=== Task to complete ===
Give back an exact copy of the lines below, from the first through the line with "まず、蛇口の材質を調べました"; please stop there.

=== Data ===
------------------------------------------------------------------------
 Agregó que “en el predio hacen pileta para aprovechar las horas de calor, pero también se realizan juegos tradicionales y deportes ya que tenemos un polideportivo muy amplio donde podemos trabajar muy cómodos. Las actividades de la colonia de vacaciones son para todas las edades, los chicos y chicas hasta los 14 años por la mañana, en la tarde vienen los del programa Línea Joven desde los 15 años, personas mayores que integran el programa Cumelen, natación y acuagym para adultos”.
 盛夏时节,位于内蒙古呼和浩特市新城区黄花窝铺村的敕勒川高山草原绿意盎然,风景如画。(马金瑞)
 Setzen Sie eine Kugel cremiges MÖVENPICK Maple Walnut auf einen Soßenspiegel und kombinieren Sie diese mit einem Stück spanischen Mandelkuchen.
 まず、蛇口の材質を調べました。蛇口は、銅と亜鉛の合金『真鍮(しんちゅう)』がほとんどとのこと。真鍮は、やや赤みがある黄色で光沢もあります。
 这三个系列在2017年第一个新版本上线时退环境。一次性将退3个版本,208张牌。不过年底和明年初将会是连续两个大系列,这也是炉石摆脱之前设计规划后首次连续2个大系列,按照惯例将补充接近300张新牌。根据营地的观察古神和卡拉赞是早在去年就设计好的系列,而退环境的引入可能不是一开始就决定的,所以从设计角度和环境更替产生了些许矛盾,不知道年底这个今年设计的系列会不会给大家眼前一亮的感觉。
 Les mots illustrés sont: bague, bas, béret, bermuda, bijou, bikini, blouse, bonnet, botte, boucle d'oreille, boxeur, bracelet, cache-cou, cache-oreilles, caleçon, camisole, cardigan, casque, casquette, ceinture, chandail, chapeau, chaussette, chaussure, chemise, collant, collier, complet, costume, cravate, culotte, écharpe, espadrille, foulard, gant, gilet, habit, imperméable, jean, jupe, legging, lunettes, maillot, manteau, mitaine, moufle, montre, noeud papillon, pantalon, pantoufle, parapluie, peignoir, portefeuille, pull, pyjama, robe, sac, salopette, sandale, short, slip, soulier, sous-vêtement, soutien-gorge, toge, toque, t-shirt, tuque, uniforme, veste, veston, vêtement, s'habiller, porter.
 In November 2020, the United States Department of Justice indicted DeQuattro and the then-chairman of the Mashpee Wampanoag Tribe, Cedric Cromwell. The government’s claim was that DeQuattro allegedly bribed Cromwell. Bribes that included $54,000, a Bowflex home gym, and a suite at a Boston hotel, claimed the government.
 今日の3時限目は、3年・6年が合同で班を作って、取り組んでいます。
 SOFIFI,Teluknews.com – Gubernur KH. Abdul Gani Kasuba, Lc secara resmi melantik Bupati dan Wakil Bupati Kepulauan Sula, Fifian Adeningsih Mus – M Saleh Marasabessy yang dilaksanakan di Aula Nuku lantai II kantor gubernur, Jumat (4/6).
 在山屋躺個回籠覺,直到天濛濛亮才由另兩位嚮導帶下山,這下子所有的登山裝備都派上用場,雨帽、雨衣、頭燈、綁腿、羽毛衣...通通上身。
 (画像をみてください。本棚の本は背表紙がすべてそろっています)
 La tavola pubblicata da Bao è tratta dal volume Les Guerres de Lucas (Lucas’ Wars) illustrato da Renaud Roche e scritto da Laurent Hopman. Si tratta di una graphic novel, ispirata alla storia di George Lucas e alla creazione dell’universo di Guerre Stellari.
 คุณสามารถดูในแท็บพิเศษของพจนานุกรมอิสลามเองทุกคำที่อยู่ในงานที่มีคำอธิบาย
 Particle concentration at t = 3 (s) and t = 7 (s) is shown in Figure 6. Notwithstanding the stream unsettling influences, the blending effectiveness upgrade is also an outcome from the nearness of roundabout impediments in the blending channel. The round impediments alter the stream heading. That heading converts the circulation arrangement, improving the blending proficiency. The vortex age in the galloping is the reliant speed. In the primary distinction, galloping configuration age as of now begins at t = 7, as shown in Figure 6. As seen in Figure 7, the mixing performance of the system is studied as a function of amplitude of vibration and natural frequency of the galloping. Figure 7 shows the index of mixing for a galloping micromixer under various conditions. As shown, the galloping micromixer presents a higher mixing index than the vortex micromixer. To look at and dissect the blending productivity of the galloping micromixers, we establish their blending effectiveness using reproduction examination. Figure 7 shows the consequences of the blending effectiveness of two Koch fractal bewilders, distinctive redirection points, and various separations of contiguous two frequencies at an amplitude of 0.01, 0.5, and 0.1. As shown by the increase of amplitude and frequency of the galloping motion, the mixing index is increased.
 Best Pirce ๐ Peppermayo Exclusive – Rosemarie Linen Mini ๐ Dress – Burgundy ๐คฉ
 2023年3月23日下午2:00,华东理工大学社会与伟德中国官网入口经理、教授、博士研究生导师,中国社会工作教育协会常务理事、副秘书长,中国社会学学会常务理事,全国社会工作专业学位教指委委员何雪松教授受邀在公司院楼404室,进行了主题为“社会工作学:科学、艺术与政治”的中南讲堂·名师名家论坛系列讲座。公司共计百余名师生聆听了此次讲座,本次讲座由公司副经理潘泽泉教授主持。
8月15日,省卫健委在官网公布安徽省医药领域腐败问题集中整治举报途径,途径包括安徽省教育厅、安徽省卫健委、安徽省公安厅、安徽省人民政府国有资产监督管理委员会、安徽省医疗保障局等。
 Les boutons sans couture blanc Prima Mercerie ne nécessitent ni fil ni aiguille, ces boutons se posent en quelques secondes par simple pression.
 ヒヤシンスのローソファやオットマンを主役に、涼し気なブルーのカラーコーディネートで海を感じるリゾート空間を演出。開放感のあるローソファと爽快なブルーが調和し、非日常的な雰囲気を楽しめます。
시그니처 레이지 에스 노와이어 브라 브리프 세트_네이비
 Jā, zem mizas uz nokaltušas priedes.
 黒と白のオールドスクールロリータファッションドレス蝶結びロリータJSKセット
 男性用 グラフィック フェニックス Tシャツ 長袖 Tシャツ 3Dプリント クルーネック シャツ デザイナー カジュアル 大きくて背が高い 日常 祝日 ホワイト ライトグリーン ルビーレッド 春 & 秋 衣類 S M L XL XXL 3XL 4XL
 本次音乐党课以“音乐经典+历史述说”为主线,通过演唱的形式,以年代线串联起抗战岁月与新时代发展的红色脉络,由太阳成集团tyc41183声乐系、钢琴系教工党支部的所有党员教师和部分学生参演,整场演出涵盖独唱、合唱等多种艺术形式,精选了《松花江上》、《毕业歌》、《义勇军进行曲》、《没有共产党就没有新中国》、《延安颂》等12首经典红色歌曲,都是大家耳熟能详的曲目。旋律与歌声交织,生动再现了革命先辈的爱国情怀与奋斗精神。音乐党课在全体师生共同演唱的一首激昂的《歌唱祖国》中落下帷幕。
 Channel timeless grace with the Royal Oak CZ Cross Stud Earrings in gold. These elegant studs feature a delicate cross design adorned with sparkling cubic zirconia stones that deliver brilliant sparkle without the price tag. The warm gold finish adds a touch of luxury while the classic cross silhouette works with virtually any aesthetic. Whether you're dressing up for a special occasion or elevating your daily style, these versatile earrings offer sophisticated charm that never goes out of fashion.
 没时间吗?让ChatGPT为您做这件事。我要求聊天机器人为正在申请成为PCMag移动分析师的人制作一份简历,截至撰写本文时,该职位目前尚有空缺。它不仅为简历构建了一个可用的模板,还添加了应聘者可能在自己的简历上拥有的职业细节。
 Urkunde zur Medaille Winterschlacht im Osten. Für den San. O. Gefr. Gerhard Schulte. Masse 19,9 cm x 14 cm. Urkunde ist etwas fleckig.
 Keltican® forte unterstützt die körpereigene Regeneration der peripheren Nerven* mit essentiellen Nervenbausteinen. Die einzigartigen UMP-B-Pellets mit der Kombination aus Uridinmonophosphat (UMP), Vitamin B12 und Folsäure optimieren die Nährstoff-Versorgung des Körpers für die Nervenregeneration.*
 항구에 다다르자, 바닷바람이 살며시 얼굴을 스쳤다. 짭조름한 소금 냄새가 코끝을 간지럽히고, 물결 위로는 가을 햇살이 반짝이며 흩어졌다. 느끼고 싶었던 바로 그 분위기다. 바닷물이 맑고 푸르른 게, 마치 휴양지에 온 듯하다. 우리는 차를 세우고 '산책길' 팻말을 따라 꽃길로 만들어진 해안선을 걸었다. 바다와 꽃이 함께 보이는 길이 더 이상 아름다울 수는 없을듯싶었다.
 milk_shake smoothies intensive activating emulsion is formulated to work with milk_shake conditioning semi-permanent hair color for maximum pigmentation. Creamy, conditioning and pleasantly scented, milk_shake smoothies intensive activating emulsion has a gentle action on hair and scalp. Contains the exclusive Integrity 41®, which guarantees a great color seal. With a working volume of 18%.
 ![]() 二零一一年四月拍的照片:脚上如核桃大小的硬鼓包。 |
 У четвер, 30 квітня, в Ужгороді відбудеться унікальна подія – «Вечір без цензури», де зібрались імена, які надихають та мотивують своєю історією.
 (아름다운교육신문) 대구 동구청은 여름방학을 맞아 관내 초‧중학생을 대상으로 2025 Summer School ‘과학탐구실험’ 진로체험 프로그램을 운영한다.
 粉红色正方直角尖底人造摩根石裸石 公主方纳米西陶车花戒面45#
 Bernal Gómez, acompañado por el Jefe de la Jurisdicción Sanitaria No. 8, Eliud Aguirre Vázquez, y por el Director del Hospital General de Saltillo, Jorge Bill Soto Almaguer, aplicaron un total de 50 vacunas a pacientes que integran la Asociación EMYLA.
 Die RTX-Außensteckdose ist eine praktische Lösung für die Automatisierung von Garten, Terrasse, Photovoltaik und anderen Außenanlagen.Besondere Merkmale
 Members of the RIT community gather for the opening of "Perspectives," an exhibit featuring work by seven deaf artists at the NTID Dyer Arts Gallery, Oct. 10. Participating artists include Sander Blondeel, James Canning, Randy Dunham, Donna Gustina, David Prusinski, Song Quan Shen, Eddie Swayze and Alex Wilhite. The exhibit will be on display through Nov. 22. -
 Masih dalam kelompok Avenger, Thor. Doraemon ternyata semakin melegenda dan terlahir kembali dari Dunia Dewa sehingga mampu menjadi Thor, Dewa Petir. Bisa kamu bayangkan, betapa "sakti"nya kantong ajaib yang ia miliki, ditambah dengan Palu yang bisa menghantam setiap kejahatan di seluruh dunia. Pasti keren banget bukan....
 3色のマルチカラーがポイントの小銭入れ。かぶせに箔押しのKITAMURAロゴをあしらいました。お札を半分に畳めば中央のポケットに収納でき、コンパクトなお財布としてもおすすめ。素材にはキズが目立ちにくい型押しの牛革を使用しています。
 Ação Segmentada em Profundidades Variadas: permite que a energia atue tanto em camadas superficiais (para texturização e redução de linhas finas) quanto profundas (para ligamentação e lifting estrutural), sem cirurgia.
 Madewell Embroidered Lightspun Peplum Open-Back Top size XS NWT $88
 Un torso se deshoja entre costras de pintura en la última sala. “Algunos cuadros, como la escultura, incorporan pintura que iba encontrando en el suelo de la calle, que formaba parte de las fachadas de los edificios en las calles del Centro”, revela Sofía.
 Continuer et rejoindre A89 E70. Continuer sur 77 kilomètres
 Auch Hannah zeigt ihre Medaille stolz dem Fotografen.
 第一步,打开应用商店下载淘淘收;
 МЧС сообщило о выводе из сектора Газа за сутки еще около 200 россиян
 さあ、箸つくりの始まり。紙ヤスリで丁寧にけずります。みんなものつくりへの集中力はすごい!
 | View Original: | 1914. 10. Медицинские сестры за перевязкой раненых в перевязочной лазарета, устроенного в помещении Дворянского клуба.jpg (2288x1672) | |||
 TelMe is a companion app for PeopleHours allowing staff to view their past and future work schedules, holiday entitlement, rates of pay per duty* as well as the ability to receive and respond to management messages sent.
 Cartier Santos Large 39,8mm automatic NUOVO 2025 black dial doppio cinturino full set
------------------------------------------------------------------------
=== Result of the exercise ===
 Agregó que “en el predio hacen pileta para aprovechar las horas de calor, pero también se realizan juegos tradicionales y deportes ya que tenemos un polideportivo muy amplio donde podemos trabajar muy cómodos. Las actividades de la colonia de vacaciones son para todas las edades, los chicos y chicas hasta los 14 años por la mañana, en la tarde vienen los del programa Línea Joven desde los 15 años, personas mayores que integran el programa Cumelen, natación y acuagym para adultos”.
 盛夏时节,位于内蒙古呼和浩特市新城区黄花窝铺村的敕勒川高山草原绿意盎然,风景如画。(马金瑞)
 Setzen Sie eine Kugel cremiges MÖVENPICK Maple Walnut auf einen Soßenspiegel und kombinieren Sie diese mit einem Stück spanischen Mandelkuchen.
 まず、蛇口の材質を調べました。蛇口は、銅と亜鉛の合金『真鍮(しんちゅう)』がほとんどとのこと。真鍮は、やや赤みがある黄色で光沢もあります。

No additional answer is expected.